The 9/11 Recession: (March 2001 - November 2001)

  • Duration: 8 months
  • Magnitude
    • GDP Decline: 0.3
    • Unemployment Rate: 5.5%
  • Reasons and Causes: The collapse of the dotcom bubble, the 9/11 attacks and a series of accounting scandals at major U.S. corporations contributed to this relatively mild contraction of the U.S. economy. In the next few months, GDP recovered to its former level. (For more information, read Crashes: The Dotcom Crash.)

Conclusions
So what do all these very different recessions have in common? For one, oil price, demand and supply sensitivity appear to be consistent and frequent historical precursors to U.S. recessions. A spike in oil prices has preceded nine out of 10 post-WWII recessions. This highlights that while global integration of economies allows for more effective cooperative efforts between governments to prevent or mitigate future recessions, the integration itself ties the world economies more closely together, making them more susceptible to problems outside their borders. Better government safeguards should soften the effects of recessions as long as regulations are in place and enforced; better communications technology and sales & inventory tracking allows businesses and governments to have better transparency on a real time basis so that corrective actions are made to forestall the accumulation of factors and indicators contributing to or signaling a recession.

More recent recessions, such as the housing bubble, the resulting credit crisis and the subsequent government bailouts are examples of excesses not properly or competently regulated by the patchwork of government regulation of financial institutions. (For another perspective on credit crisis, see The Bright Side of The Credit Crisis.)

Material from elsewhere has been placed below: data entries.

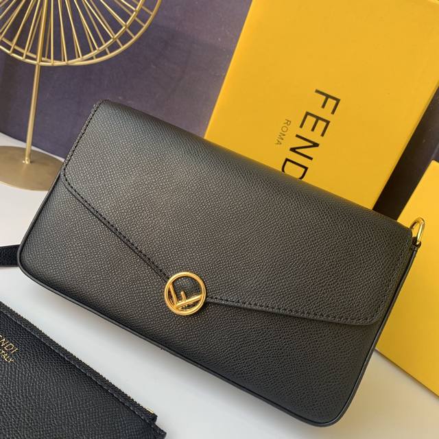 / 型号:F8Bs032 芬迪黑色。 尺寸21.5X13X3Cm介绍:几何图形翻盖迷你手袋,饰有Fendi微标,按扣开合,配两个可拆式内袋--一个带拉链,一个带8个
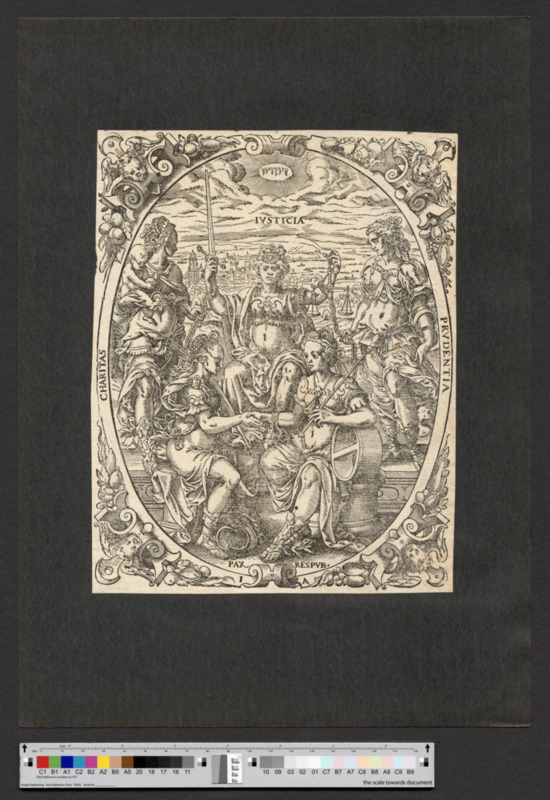 "IVSTICIA / CHARITAS / PAX / RESPVB. / PRUDENTIA
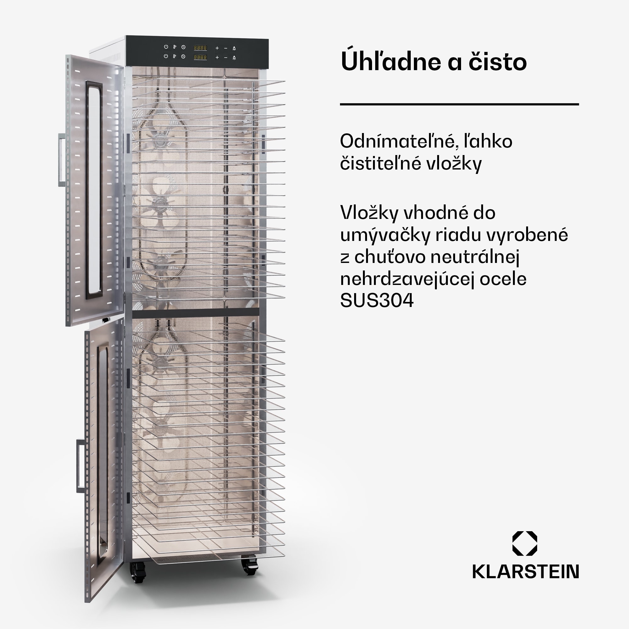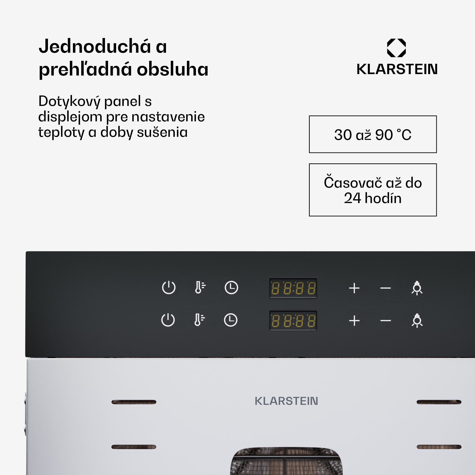 Výkonná sušička potravín Klarstein MasterJerky 600 suší ovocie, zeleninu, mäso a ďalšie potraviny rekordnou rýchlosťou. To znamená, že si môžete sami pripraviť chutné občerstvenie a prísady s dlhou životnosťou za krátky čas. Či už sušené ovocie bohaté na vitamíny, ako sú jablkové a banánové lupienky, alebo zdravá zelenina, ako sú sušené paradajky. Master Jerky 600 má pre každú potravinu tú správnu teplotu sušenia.Sušička Klarstein Master Jerky 600 so svojím enormným tepelným výkonom 4 000 W a rovnomernou distribúciou tepla vďaka 6 ventilátorom (tri v každej komore) zaisťuje optimálne sušenie potravín a krátku dobu sušenia. Každá zo 40 vyberateľných políc z nehrdzavejúcej ocele ponúka 40 x 38 cm priestoru pre celkovú plochu až 6,08 m². Mimoriadne praktické sú dve oddelené komory na sušenie, ktoré možno ovládať nezávisle od seba. Ideálne podmienky na profesionálne sušenie, napr. v špecializovaných obchodoch na sušené hovädzie mäso, čaje alebo sušené ovocie. Pre flexibilnú prípravu rôznych jedál je možné na dotykovom ovládacom paneli nastaviť teplotu od 30 do 90 °C. Časovač do 24 hodín tiež zaručuje optimálne zladenie s vlastnosťami potravín, ktoré sa majú sušiť.Vďaka plne automatickému procesu sušenia s presným dodržiavaním teploty všetko funguje perfektne. Dôležité živiny a vitamíny sa zachovajú a chuť sa ešte zvýrazní. MasterJerky 600 je samozrejme vhodná aj na výrobu sušených kvetov do aranžmánov alebo na šetrnú extrakciu sušených bylín a čajov.Čistenie sušičky Klarstein MasterJerky 600 po dokončení procesu sušenia je úplne jednoduché: odkvapkávacie misky a vložky z nehrdzavejúcej ocele možno jednoducho opláchnuť alebo vyčistiť v umývačke riadu. Kryt z nehrdzavejúcej ocele sa jednoducho utiera a vďaka kolieskam sa dá ľahko premiestňovať.

Contraction and expansion cycles of moderate amplitude are part of the economic system. World events, energy crises, wars and government intervention in markets can affect economies both positively and negatively, and will continue to do so in the future. Expansions have historically exceeded previous highs in economic growth trends if capitalist fundamentals applied within regulatory guidelines govern the markets.